One Cut, One Life: The Lives of Filmmakers

How do you feel, what do you think at the very moment a film is over?

It’s obvious, isn’t it? There’s something important about that moment—I mean in terms of speaking or writing about this film you just saw, or in terms of your own understanding.

OneI felt somber at the conclusion of “One Cut, One Life”. I imagine that is the most common reaction being that the film is about and made by two documentary filmmakers facing death.

Ed Pincus has a life-threatening illness. Lucia Small recently lost two dear friends to violent deaths. The two filmmakers address themselves and the camera as they reveal their thoughts, opinions, experiences, and feelings. We also hear from friends and family, and learn a little about the filmmakers’ previous work.

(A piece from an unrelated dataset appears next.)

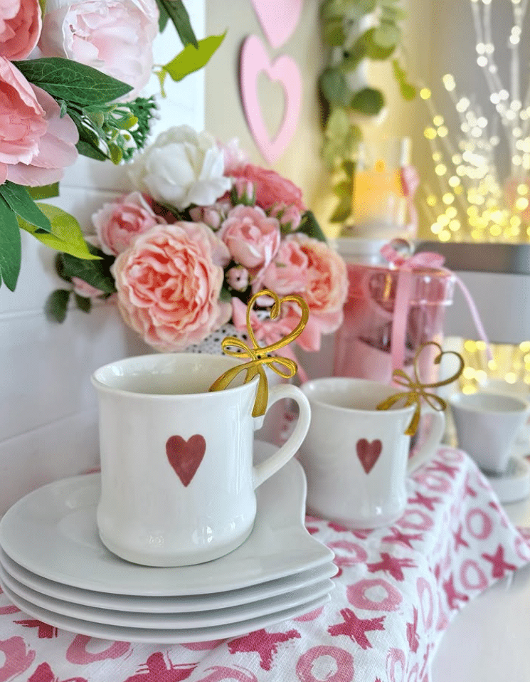 This Valentines drink station feels soft and romantic. White mugs with tiny heart motifs sit on matching saucers, ready for coffee or cocoa. A pink patterned runner, faux peonies, and layered greenery create a lush backdrop. String lights and pastel jars add glow and a bit of sparkle. Set this up on a small sideboard or kitchen counter for an easy Valentines morning ritual.
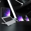 Kannettavan teline on valmistettu kestävästä alumiinista tukemaan kannettavia ja useita muita laitteita, kuten tabletit, kirjat ja vastaavat esineet. Se taitettava design mahdollistaa helpon säilytyksen tai kuljetuksen. Katsomiskulman ja -korkeuden voi säätää tarpeiden mukaisesti ja katsomiskokemuksen optimoimiseksi.

At film’s end I wondered what do I say about it? “One Cut, One Life” is a powerful experience—seeing and hearing people being vulnerable, facing death is both evocative and provocative. And, like it or not, the film puts you in an introspective mood.

Of course I recommend “One Cut, One Life”. That’s one of my rules; I don’t write about a film unless I do so. But, why this one?

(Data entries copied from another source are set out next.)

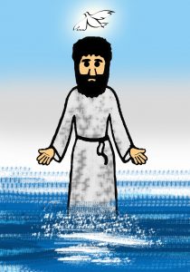 (gambar 001 Yesus dibaptis)Tuhan Yesus juga waktu dibaptis menerima Roh Kudus. Waktu itu Roh Kudus turun dalam bentuk burung merpati (gambar 2). Karena ada Roh Kudus, Tuhan Yesus selalu bisa menyembuhkan orang, bisa berbicara dengan Bapa di Surga, bisa memberi makan banyak orang, dan banyak hal yang hebat lainnya.
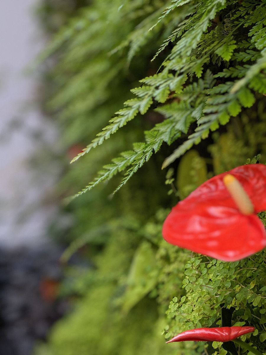 Le projet a inclus un mandat complet de conception et d’installation. Un réservoir avec un système d’irrigation automatisé, installé dans une salle sous-jacente, assure l’entretien minimal requis pour ce mur vert hydroponique.
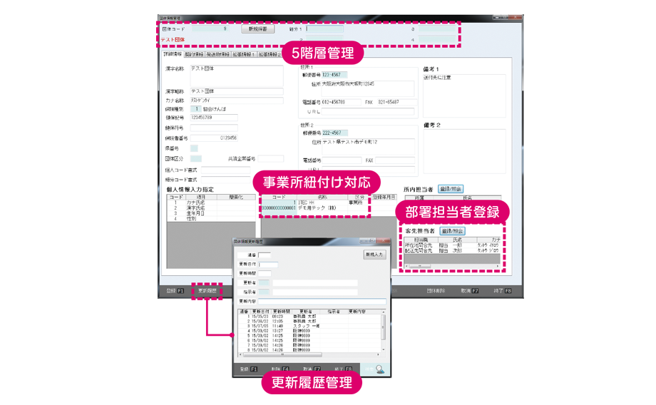 - 関連事業所(事務所のグルーピング)機能により、関連事務所毎の発送・請求・集計などが可能です。
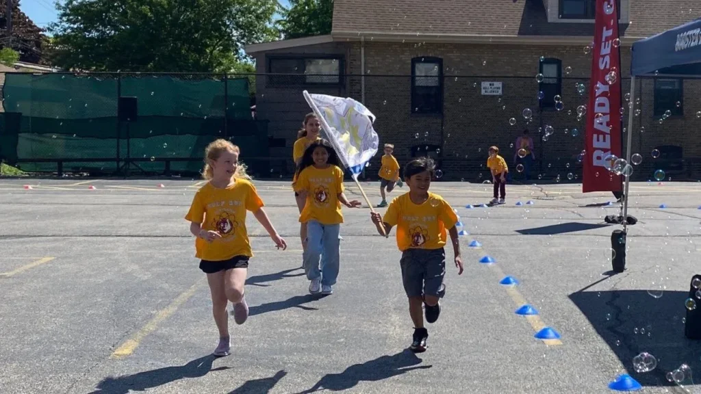 The Wolf Run, our run-a-thon fundraiser, is typically on a Friday in May. Kids collect pledges online and when Wolf Run Day comes, we all go out and run laps, dance and have blast, all while raising money for our school!
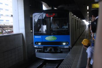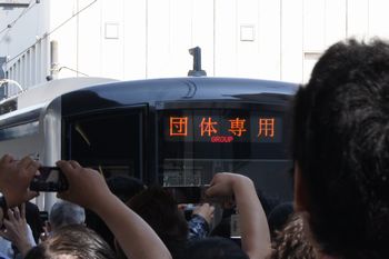 60000系第一編成入線。駅表示が「団体/Charter」なのに対し、60000系電車は「団体専用/GROUP」の表示である。

It is a matter of values. I believe it is of great value when human beings share their deepest thoughts and feelings. It is especially important for the sharer. However their sharing is received, it is the sharer’s own response to their sharing that holds the possibility of one’s own insight and transformation.

This value of vulnerability is the gift given us by Small and Pincus.

There’s another reason I recommend “One Cut, One Life”. When viewing screeners at home—with computer, telephone, refrigerator, and bathroom all within a few feet—I usually pause for any number of reasons. I was glued to my screen all 107 minutes of this film. Pincus’ and Small’s characters and journeys pulled me into their stories, their lives.